Read The Second Objective Page 2


  “I said you could ask. I didn’t say I would tell you. You’re dismissed, Private Oster.”

  2

  Grafenwöhr

  NOVEMBER 1944

  Bernie tried to bury his fear by losing himself in the camp’s routine. Over two thousand men from every corner of the Reich arrived during the following week. Bernie helped conduct their initial interviews, asking questions to determine their level of competence in English, both speaking and comprehension. They were then classified into four categories. One: fluency in English and working knowledge of American slang. Two: fluency without knowledge of specific American idioms. Three: general comprehension and the ability to conduct limited conversations. Four: restricted comprehension, men who had studied English in school without real-world application.

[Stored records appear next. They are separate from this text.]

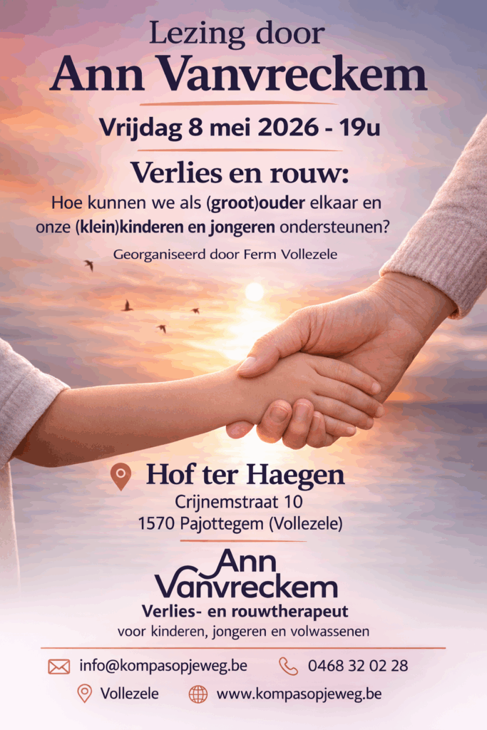 Naast individuele begeleiding geef ik ook lezingen rond verliessituaties en hoe je daar op een ondersteunende manier mee kan omgaan. In deze lezingen sta ik stil bij wat verlies kan betekenen voor kinderen, jongeren en volwassenen, en hoe je er zelf mee kan omgaan of als omgeving steun kan bieden.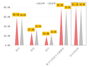 4月20日,中國新聞出版研究院在線發布“第十七次全國國民閱讀調查”。調查發現,2019年我國成年國民包括書報刊和數字出版物在內的各種媒介的綜合閱讀率為81.1%,較2018年的80.8%提升了0.3個百分點。其中,數字化閱讀方式(網絡在線閱讀、手機閱讀、電子閱讀器閱讀、Pad閱讀等)的接觸率為79.3%,較2018年的76.2%上升了3.1個百分點。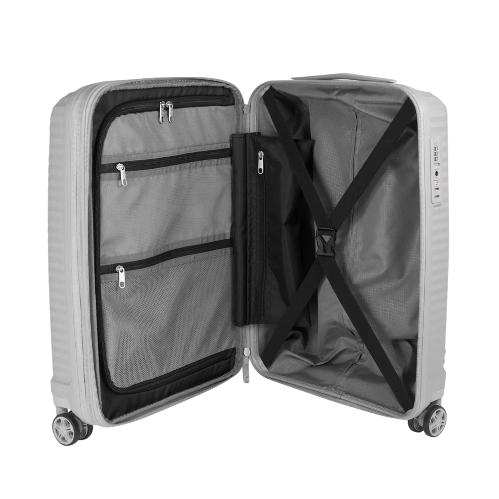 Descubra a coleção VARRO, com design moderno e atemporal é uma linha sofisticada e acessível. Inspirado na forma de uma seta, representa o constante movimento que estamos quando viajamos. Desenvolvida em polipropileno, a beleza do design na área central e traseira com toque brilhante, mistura-se perfeitamente com as ranhuras de flecha texturizadas com acabamento mate. Os logotipos no canto superior e inferior adicionam um ponto único ao design. Esta coleção foi especialmente criada considerando estética, funcionalidade e material de alto nível. Características: fabricado em polipropileno, sistema de 8 rodas multidirecionais, cadeado com combinação e TSA, expansível, alças laterais superior e lateral, sistema de carrinho com tubo duplo e pegador ergonômico. Cintas elásticas cruzadas na parte interna, painel divisor e bolso com zíper.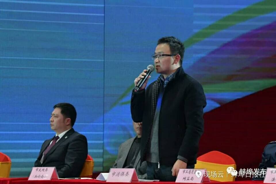 晚会现场,蚌埠市消费者权益保护委员会常务副主任、市工商质监局局长乌兰其其格和蚌埠市法律援助中心主任王宁,现场签订合作协议,为有需要的消费者在投诉维权的过程中提供法律援助。相关部门表示,为搭建维权的绿色通道、做强维权平台,打通消费维权最后一公里,就是为了提高消费投诉的便利度、消费环境的安全度、经营者的诚信度和消费者的满意度。通过消费维权的联动,让蚌埠成为诚信蚌埠、幸福蚌埠。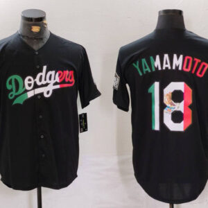 Los Angeles Dodgers #18 Yoshinobu Yamamoto Number Black Mexi…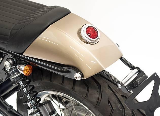 最后來到尾部,精簡的尾部造型是每部CAFE RACER都需要具備的。Ritmo Veloce的尾部采用了更小的駝峰,搭配精致的圓形剎車燈,以及輕量化的后牌照架,為整車增色不少。
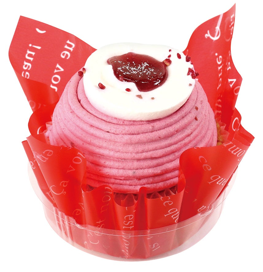 栃木県産ロイヤルクイーンのピューレを使用したモンブランです。ロイヤルクイーンソースをしのばせた苺風味のスポンジに、マスカルポーネクリームとロイヤルクイーンクリームを絞りました。上面はシャンテリークリームやロイヤルクイーンソース、ラズベリークリスピーで仕上げています。ケーキ全体でロイヤルクイーンの特徴である真っ赤な色を表現しました。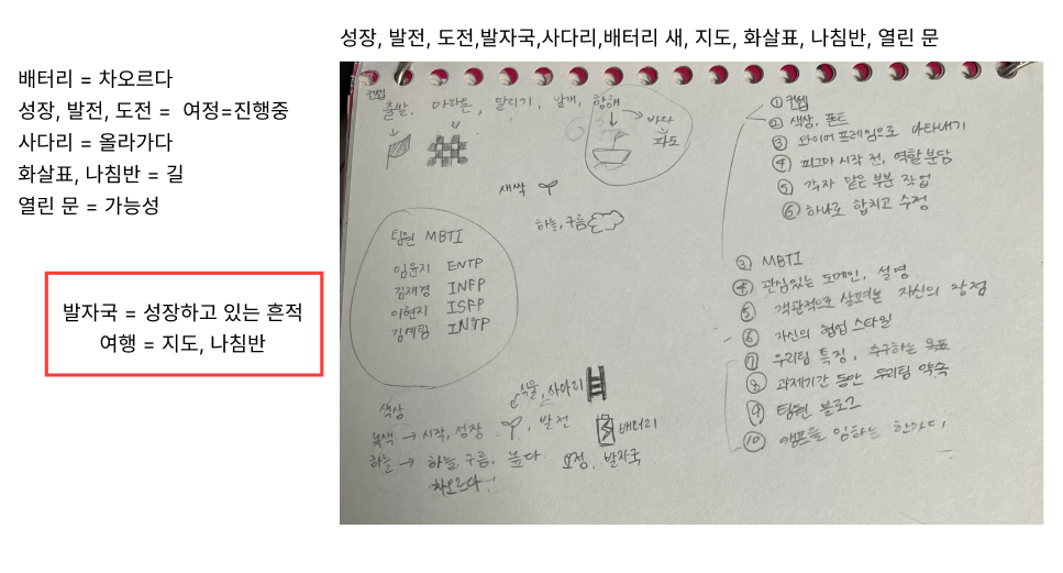 참고로 본인의 의견은 성장, 발전, 도전이였다. 팀명이 출발이다보니깐 성장과 발전 그리고 도전이 와닿은것 같다.

  Bernie quickly realized that most of the “volunteers” had vastly overstated their abilities. By the end of the week, as the last men arrived, he had picked fewer than twenty to join him in Category One. Fifty went into Category Two. The third category had about one hundred men in it, and the fourth another two hundred. As for the rest, over two-thirds of the men who had been summoned to Grafenwöhr, their English was limited to single-word responses. Bernie barracked with the rest of the Ones and Twos; Threes and Fours occupied separate quarters across the yard, and the rest stayed on the far side of the compound.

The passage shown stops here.